= Carol Thomas (gynaecologist) =

South African gynecologist (died 2019)

Carol Thomas (died 12 April 2019) was a South African gynaecologist who founded iMobiMaMa and theWomanSpace. She became the first woman to chair the South African Menopause Society in 2016.

Thomas was honoured by the Planned Parenthood Association of South Africa for "Selfless Dedication and Commitment to Reproductive and Sexual Health and Rights".

The daughter of Gilbert Thomas and Madge Petersen, Thomas studied at the University of Cape Town. Initially barred from studying medicine due to Apartheid laws, she registered for a BSc before transferring. She qualified with a MBChB in 1983. Her Master of Medicine dissertation won the SJ Behrman Prize for excellence in 1994.

Thomas worked at Groote Schuur Hospital for 24 years until 2010. She co-edited The South African Women’s Health Book and served as women's health activist since the 1980s. She also advised the Government of South Africa on Policy Guidelines and Development for Reproductive Health.
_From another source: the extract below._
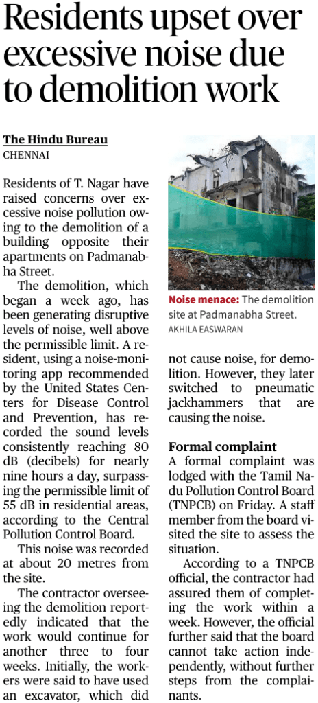 The situation continued into Tuesday. At this point we began to wonder if the article in The Hindu might have had anything to do with it. Late last week, after we'd lodged out complaint with the Tamil Nadu Pollution Control Board (TNPCB), I reached out to one of my colleagues at The Hindu asking if they could help expedite the board's response. Apparently they did, and they also arranged for the noise complaints to be covered as a small item in the paper the next day (November 16).

Thomas led the IPPF (International Planned Parenthood Federation) team to assess reproductive health services in Tanzania, and represented the South African branch at the IPPF World Assembly in the Philippines in 1995.

She founded iMobiMaMa, a mobile service providing health advice to pregnant women. She practiced from theWomanSpace in Claremont, Cape Town, with surgical attachment to Kingsbury Hospital.

Thomas died of complications following a double lung transplant on 12 April 2019. In 2020 the first Carol Thomas Memorial Lecture was given at the SA Society of Obstetricians and Gynaecologists' 39th national congress where Thomas was also honoured with a posthumous lifetime achievement award.